» **Prompt**: Leaving pictures out, repeat word for word the line that has "Inlay is usually" and each line that follows it to the end of the listing.
(Recorded information)
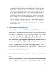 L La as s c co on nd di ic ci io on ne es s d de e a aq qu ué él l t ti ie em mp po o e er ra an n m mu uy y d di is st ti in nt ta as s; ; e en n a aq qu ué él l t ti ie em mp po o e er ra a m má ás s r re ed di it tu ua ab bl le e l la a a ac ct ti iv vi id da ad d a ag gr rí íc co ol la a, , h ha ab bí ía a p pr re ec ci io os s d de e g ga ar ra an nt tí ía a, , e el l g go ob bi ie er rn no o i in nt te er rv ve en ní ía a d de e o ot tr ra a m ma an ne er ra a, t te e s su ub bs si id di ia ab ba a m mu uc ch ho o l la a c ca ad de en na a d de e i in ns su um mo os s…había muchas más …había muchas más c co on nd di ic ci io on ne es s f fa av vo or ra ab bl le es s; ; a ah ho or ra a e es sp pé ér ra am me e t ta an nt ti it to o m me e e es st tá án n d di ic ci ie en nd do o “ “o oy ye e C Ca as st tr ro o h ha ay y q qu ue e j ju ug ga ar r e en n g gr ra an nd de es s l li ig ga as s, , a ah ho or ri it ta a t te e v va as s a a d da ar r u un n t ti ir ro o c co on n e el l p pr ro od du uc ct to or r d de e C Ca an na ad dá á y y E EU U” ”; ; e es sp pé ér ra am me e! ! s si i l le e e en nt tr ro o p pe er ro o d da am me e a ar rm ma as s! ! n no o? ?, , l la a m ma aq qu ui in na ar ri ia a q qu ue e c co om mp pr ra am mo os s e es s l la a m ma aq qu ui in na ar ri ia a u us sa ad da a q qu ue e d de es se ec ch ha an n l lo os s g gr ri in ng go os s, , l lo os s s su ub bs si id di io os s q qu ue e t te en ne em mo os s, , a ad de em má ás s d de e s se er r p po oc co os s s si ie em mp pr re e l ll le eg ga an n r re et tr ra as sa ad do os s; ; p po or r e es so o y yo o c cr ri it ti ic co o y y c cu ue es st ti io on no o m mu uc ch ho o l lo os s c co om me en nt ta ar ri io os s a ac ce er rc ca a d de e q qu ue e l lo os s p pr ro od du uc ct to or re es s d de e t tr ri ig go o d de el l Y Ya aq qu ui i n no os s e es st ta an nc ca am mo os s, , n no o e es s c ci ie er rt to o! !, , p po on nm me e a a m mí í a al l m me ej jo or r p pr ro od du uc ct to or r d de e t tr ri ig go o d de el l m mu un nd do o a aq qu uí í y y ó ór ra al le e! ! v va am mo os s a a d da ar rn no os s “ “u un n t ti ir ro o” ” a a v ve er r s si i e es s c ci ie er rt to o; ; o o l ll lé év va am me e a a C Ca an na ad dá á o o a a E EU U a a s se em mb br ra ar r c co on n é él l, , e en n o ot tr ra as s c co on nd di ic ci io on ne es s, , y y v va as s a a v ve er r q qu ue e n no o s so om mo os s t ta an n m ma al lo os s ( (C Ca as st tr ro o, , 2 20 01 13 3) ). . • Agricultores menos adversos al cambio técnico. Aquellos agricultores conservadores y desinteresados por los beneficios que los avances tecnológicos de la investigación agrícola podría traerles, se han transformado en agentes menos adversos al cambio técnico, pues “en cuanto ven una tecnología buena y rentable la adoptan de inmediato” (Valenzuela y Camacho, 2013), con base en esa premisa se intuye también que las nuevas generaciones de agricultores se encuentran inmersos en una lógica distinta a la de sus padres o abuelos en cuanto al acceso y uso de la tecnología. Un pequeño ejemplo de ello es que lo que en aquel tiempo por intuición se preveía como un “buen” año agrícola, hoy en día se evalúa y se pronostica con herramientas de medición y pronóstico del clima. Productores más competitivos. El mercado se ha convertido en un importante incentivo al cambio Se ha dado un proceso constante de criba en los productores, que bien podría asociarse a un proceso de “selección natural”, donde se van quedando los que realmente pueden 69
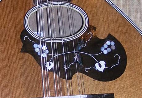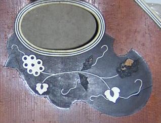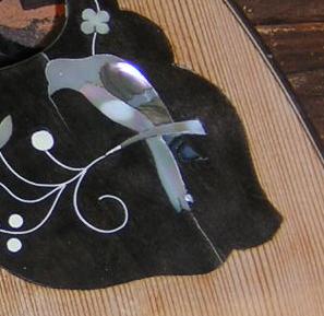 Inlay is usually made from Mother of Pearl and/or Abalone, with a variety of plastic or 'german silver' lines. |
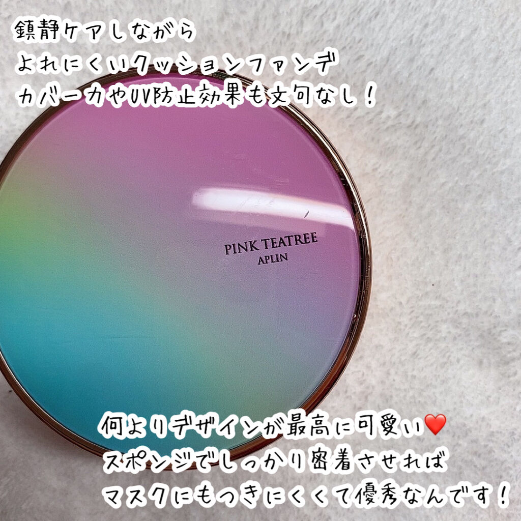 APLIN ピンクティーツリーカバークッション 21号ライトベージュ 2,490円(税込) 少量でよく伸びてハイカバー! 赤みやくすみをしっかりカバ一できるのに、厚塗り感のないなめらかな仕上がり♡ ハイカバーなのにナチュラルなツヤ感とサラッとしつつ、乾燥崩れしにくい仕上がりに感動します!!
(End Recorded information)
» **Response to the exercise**:
 Inlay is usually made from Mother of Pearl and/or Abalone, with a variety of plastic or 'german silver' lines. |
 APLIN ピンクティーツリーカバークッション 21号ライトベージュ 2,490円(税込) 少量でよく伸びてハイカバー! 赤みやくすみをしっかりカバ一できるのに、厚塗り感のないなめらかな仕上がり♡ ハイカバーなのにナチュラルなツヤ感とサラッとしつつ、乾燥崩れしにくい仕上がりに感動します!!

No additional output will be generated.